You are asked to reproduce the listing exactly and to omit its pictures.

→ **Dataset extract**

▼

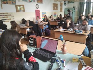 A 7. évfolyamos gyerekek vetélkedője a „Határtalanul” programjaira készülve a Pánthyban
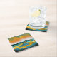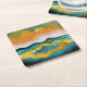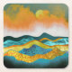 Abstrakt landskapsplats i ett bergsområde med rullande backe och en regnstorm i orange, guld, blått och cyan.
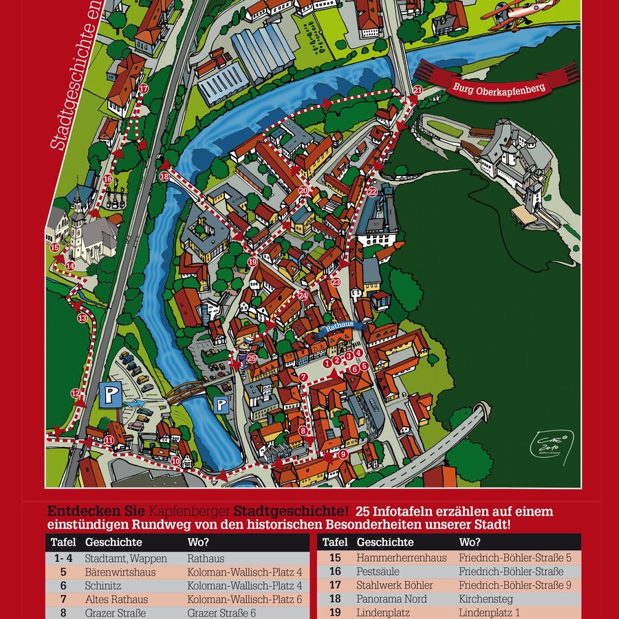 Stadtplan und Altstadtrundgangflyer - kostenlos im Tourismusbüro, Wiener Straße 58/4, 8605 Kapfenberg erhältlich (Telefon: +43 3862 55020-30) erhältlich.
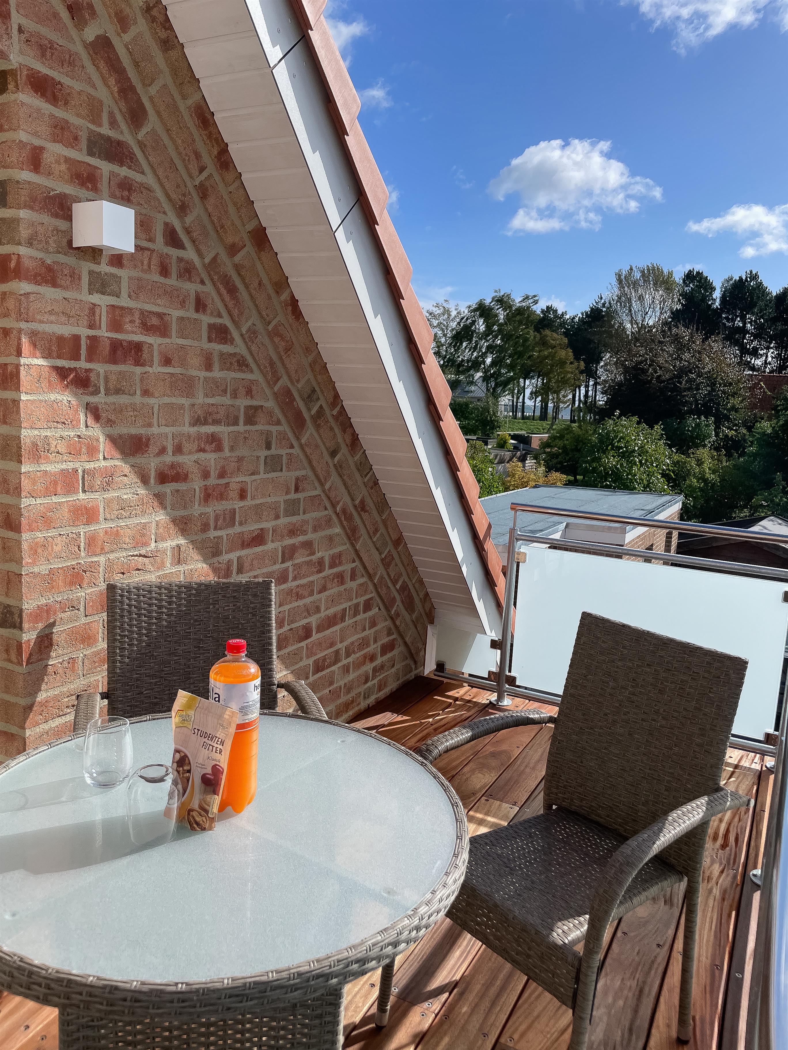 Vom Balkon können Sie einen Blick auf die Ostsee erhaschen und genießen den ganzen Tag Sonne und Meeresbrise.

▲

→ **Response area**
 A 7. évfolyamos gyerekek vetélkedője a „Határtalanul” programjaira készülve a Pánthyban
 Abstrakt landskapsplats i ett bergsområde med rullande backe och en regnstorm i orange, guld, blått och cyan.
 Stadtplan und Altstadtrundgangflyer - kostenlos im Tourismusbüro, Wiener Straße 58/4, 8605 Kapfenberg erhältlich (Telefon: +43 3862 55020-30) erhältlich.
 Vom Balkon können Sie einen Blick auf die Ostsee erhaschen und genießen den ganzen Tag Sonne und Meeresbrise.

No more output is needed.